_Available data:_
-- Opening Marker --
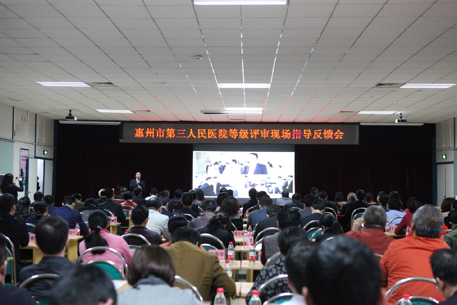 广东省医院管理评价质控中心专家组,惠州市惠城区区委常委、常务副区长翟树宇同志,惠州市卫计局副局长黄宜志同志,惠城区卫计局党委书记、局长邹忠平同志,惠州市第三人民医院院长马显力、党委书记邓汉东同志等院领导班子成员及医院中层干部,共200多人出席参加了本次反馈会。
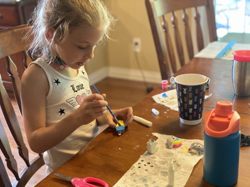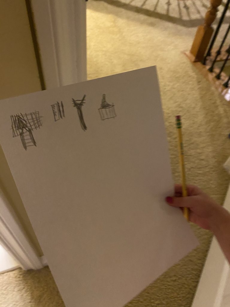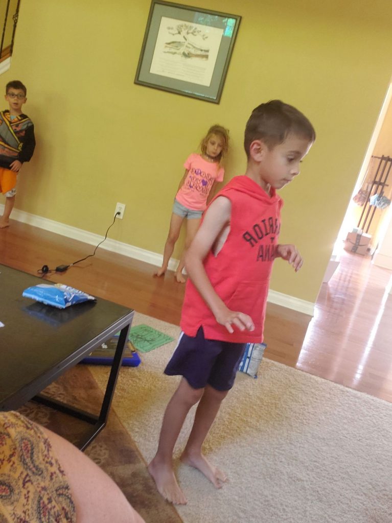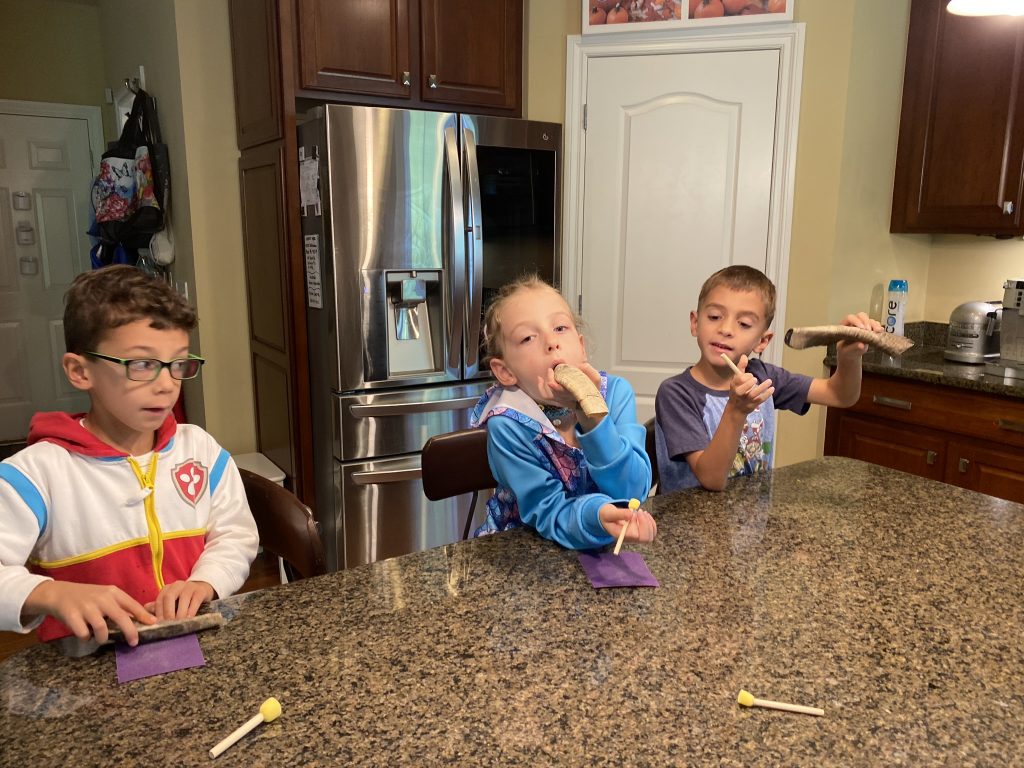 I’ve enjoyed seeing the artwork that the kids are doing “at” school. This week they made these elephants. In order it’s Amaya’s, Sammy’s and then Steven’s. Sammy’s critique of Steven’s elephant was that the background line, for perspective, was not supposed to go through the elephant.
-- Closing Marker --
-- Opening Marker --
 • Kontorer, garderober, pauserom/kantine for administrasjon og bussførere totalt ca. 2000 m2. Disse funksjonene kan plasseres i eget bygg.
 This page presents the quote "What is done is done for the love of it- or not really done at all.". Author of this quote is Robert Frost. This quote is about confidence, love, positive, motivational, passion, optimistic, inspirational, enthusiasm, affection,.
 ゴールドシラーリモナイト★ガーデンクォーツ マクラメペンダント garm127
-- Closing Marker --
_Task objective:_
Out of the listing above, reproduce exactly the lines from the one with "i eget bygg." up to and including the one with "ゴールドシラーリモナイト★ガーデンクォーツ マクラメペンダント garm127".

_Answer for this exercise:_
 • Kontorer, garderober, pauserom/kantine for administrasjon og bussførere totalt ca. 2000 m2. Disse funksjonene kan plasseres i eget bygg.
 This page presents the quote "What is done is done for the love of it- or not really done at all.". Author of this quote is Robert Frost. This quote is about confidence, love, positive, motivational, passion, optimistic, inspirational, enthusiasm, affection,.
 ゴールドシラーリモナイト★ガーデンクォーツ マクラメペンダント garm127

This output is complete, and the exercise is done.